Я считаю нужным провести параллель между мыслями Шиллера и мыслями Востока для того, чтобы освободить первые от слишком тесного наряда "эстетизма". Слово "эстетизм" я употребляю как сокращение для выражения "эстетическое мировоззрение". При этом я разумею, стало быть, не тот эстетизм с дурным привкусом эстетизирования или ложной чувствительности, который скорее можно было бы назвать эстетицизмом. Эстетизм не способен разрешить столь серьезной и трудной задачи, как воспитание человека, потому что он всегда уже предполагает как данное то, что еще только надлежит создать, а именно способность любить красоту. Эстетизм прямо-таки мешает углублению проблемы тем, что постоянно отворачивается от всего дурного, безобразного и тяжелого, стремясь к наслаждению, хотя бы и благородному. По этой же причине эстетизм лишен и всякой нравственно мотивирующей силы, потому что он в своей глубокой сущности остается лишь утонченным гедонизмом. Шиллер пытается, правда, внести в эстетизм безусловный нравственный мотив; однако его попытка не удается и остается неубедительной; и притом именно потому, что он, вследствие его эстетической установки, не в состоянии усмотреть, к каким последствиям может привести признание другой стороны человеческой природы. Дело в том, что конфликт, вызываемый таким положением, приводит человека в такое смятение, причиняет ему такое страдание, что благодаря созерцанию прекрасного ему в лучшем случае удается опять вытеснить противоположность, не освобождаясь, однако, от нее, так что восстанавливается прежнее состояние. Для того чтобы помочь человеку освободиться от такого конфликта, нужна не эстетическая, а совершенно иная установка. На это и указывает параллель с идеями Востока. Индийская религиозная философия постигла эту проблему во всей ее глубине и указала на ту категорию средств, которая необходима для разрешения конфликта. А для разрешения его необходима высшая нравственная напряженность, величайшее самоотречение и самопожертвование, глубочайшая религиозная сосредоточенность, настоящая святость.
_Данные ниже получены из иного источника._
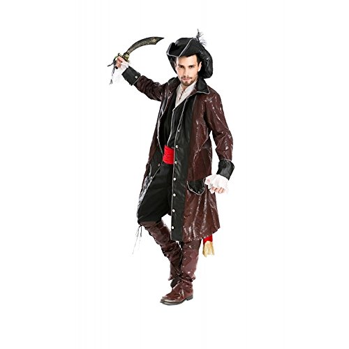 Giacca lunga da pirata, gilet, 1 paio di ghette, foulard rosso e cappello.
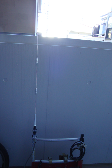 使うので、ステーとラジアル兼用で何本か銅線は必要だ、フィダーと上に上げたアンテナの間
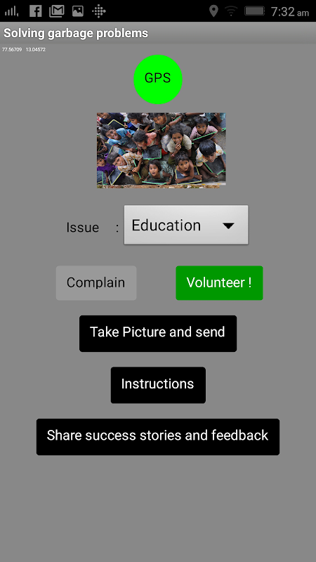 Become a superhero and create awareness about garbage or other problems in your community! Switch on GPS before opening app. The App opens camera as soon as you click on it (this saves time and adds versatility to capture issues like traffic violations immediately). Take the picture and save it. Then, wait for the GPS to calibarate and for the GPS button to turn green. In the mean time select the issue from dropdown menu and mode of action by clicking on complain or volunteer. Once the GPS is locked, the app automatically allows you to share a preset message, location and image through social media. You can choose any social option but emailing might be simpler. You can also change the preset custom message. Hopefully, this will take us one step towards a cleaner future! :)
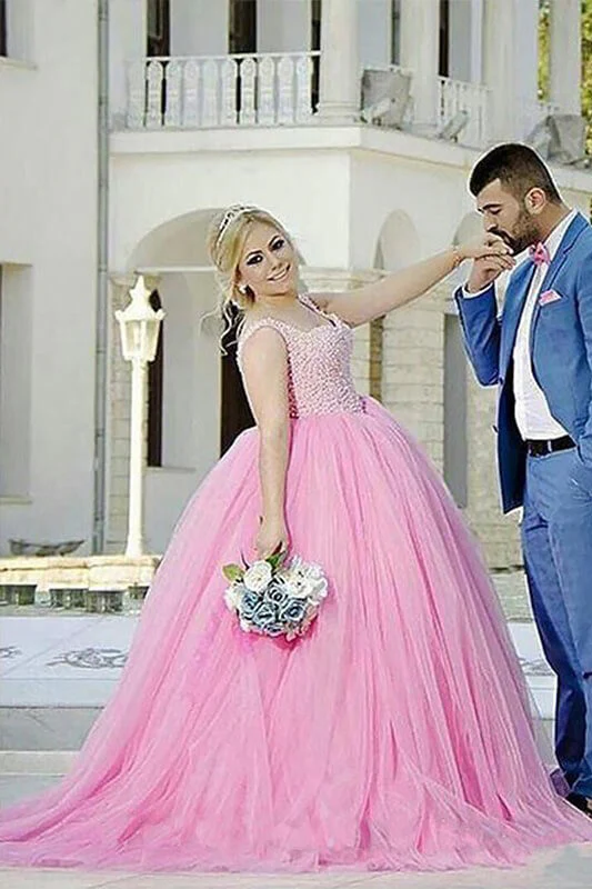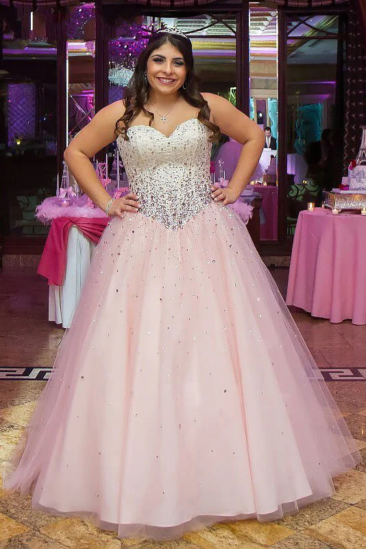Princess Pink Sweetheart Strapless Tulle Ball Gown Beading Long Plus Size Prom Dresses OK663
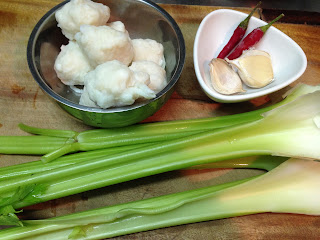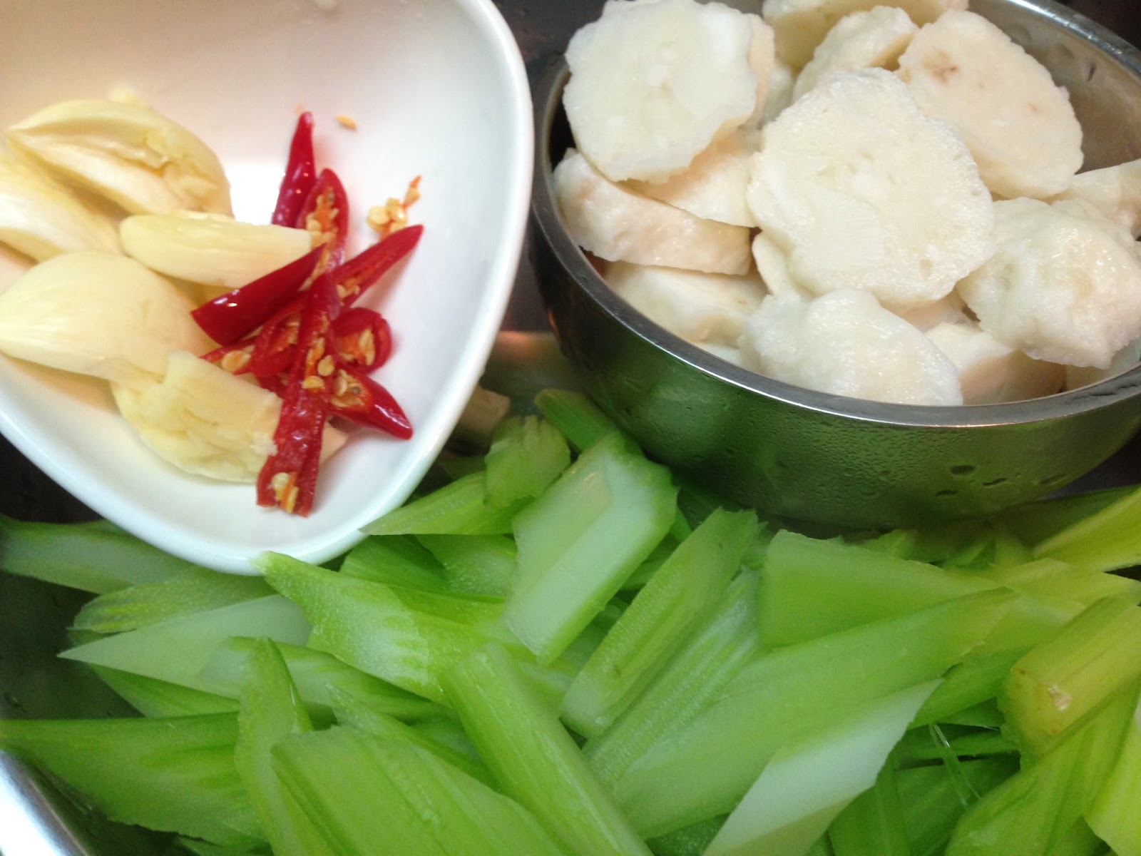 材料 : 西芹 花枝丸 蒜頭 辣椒
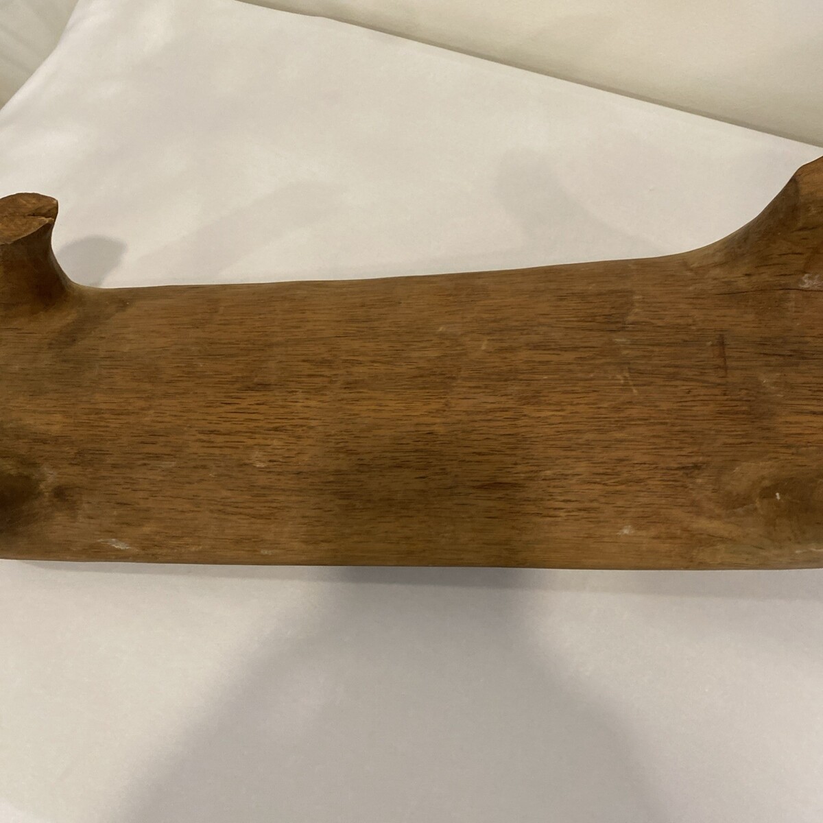 Offered is this American Folk Art Carved Pig Footed Tray. Beautifully carved from a single piece of hardwood with no damages or areas of repairs with minimal antique wear or staining (see images). It measures 29 1/2" long, 6 1/2" wide and 6 1/2" tall. A very unique piece sure to add to any decor or collection!

Как известно, Шопенгауэр, несмотря на признание эстетического момента, ярче всего подчеркнул именно эту сторону проблемы. Мы, конечно, отнюдь не должны впадать в заблуждение и думать, будто слова "эстетический", "красота" звучали для Шиллера так же и имели то же значение, как для нас. Я даже считаю себя вправе утверждать, что для Шиллера "красота" была религиозным идеалом. Красота была его религией. Его "эстетическое настроение" можно столь же удачно охарактеризовать как "религиозное благоговение". Не высказываясь в этом смысле и не называя эксплицитно сущность своей проблемы религиозной, Шиллер, однако, интуитивно пришел к религиозной проблеме, правда к религиозной проблеме первобытного характера, которую он в своем исследовании излагает даже довольно подробно, однако не исчерпывая ее и не доводя ее до конца.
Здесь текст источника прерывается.